*** Provided data Section Begins ***
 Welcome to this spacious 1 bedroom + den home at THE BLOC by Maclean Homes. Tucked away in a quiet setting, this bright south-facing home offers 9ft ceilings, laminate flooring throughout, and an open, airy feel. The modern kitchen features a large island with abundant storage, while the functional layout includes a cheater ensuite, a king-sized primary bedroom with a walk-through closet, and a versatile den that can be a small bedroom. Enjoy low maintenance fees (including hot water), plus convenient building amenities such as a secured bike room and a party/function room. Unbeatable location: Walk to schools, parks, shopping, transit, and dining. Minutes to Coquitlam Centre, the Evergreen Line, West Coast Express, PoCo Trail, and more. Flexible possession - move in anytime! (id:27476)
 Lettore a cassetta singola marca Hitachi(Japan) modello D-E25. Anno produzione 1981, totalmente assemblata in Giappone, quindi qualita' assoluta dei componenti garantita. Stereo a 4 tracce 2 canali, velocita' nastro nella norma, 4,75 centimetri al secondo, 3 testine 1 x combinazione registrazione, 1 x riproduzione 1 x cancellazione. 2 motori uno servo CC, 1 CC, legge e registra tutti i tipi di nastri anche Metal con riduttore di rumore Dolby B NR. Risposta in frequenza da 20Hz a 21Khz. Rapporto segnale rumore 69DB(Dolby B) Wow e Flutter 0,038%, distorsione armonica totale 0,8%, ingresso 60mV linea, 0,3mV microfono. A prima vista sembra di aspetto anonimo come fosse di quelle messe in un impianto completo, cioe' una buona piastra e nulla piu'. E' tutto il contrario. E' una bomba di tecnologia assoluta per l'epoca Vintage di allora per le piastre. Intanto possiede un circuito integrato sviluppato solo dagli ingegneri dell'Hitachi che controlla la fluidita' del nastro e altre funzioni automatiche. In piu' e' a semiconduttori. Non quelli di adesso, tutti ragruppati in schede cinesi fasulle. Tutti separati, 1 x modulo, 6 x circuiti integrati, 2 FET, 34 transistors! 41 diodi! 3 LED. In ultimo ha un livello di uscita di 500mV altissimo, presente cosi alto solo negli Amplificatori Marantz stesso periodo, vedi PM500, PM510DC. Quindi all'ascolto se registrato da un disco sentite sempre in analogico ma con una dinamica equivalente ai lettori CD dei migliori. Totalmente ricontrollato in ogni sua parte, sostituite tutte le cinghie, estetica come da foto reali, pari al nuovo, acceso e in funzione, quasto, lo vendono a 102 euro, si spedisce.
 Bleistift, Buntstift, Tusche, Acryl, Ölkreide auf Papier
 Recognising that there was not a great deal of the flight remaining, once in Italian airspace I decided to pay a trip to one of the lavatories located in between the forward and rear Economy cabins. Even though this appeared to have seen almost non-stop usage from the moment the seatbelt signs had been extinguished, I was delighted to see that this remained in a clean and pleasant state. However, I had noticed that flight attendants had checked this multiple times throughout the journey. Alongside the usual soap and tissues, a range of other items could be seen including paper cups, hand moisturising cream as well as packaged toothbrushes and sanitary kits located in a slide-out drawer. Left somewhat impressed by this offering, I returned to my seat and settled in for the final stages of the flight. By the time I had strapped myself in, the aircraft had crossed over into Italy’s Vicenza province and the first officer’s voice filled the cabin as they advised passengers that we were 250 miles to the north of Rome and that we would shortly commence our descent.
*** Provided data Section Ends ***
Exercise —
Transcribe the listing above exactly, including every line.

Expected answer —
 Welcome to this spacious 1 bedroom + den home at THE BLOC by Maclean Homes. Tucked away in a quiet setting, this bright south-facing home offers 9ft ceilings, laminate flooring throughout, and an open, airy feel. The modern kitchen features a large island with abundant storage, while the functional layout includes a cheater ensuite, a king-sized primary bedroom with a walk-through closet, and a versatile den that can be a small bedroom. Enjoy low maintenance fees (including hot water), plus convenient building amenities such as a secured bike room and a party/function room. Unbeatable location: Walk to schools, parks, shopping, transit, and dining. Minutes to Coquitlam Centre, the Evergreen Line, West Coast Express, PoCo Trail, and more. Flexible possession - move in anytime! (id:27476)
 Lettore a cassetta singola marca Hitachi(Japan) modello D-E25. Anno produzione 1981, totalmente assemblata in Giappone, quindi qualita' assoluta dei componenti garantita. Stereo a 4 tracce 2 canali, velocita' nastro nella norma, 4,75 centimetri al secondo, 3 testine 1 x combinazione registrazione, 1 x riproduzione 1 x cancellazione. 2 motori uno servo CC, 1 CC, legge e registra tutti i tipi di nastri anche Metal con riduttore di rumore Dolby B NR. Risposta in frequenza da 20Hz a 21Khz. Rapporto segnale rumore 69DB(Dolby B) Wow e Flutter 0,038%, distorsione armonica totale 0,8%, ingresso 60mV linea, 0,3mV microfono. A prima vista sembra di aspetto anonimo come fosse di quelle messe in un impianto completo, cioe' una buona piastra e nulla piu'. E' tutto il contrario. E' una bomba di tecnologia assoluta per l'epoca Vintage di allora per le piastre. Intanto possiede un circuito integrato sviluppato solo dagli ingegneri dell'Hitachi che controlla la fluidita' del nastro e altre funzioni automatiche. In piu' e' a semiconduttori. Non quelli di adesso, tutti ragruppati in schede cinesi fasulle. Tutti separati, 1 x modulo, 6 x circuiti integrati, 2 FET, 34 transistors! 41 diodi! 3 LED. In ultimo ha un livello di uscita di 500mV altissimo, presente cosi alto solo negli Amplificatori Marantz stesso periodo, vedi PM500, PM510DC. Quindi all'ascolto se registrato da un disco sentite sempre in analogico ma con una dinamica equivalente ai lettori CD dei migliori. Totalmente ricontrollato in ogni sua parte, sostituite tutte le cinghie, estetica come da foto reali, pari al nuovo, acceso e in funzione, quasto, lo vendono a 102 euro, si spedisce.
 Bleistift, Buntstift, Tusche, Acryl, Ölkreide auf Papier
 Recognising that there was not a great deal of the flight remaining, once in Italian airspace I decided to pay a trip to one of the lavatories located in between the forward and rear Economy cabins. Even though this appeared to have seen almost non-stop usage from the moment the seatbelt signs had been extinguished, I was delighted to see that this remained in a clean and pleasant state. However, I had noticed that flight attendants had checked this multiple times throughout the journey. Alongside the usual soap and tissues, a range of other items could be seen including paper cups, hand moisturising cream as well as packaged toothbrushes and sanitary kits located in a slide-out drawer. Left somewhat impressed by this offering, I returned to my seat and settled in for the final stages of the flight. By the time I had strapped myself in, the aircraft had crossed over into Italy’s Vicenza province and the first officer’s voice filled the cabin as they advised passengers that we were 250 miles to the north of Rome and that we would shortly commence our descent.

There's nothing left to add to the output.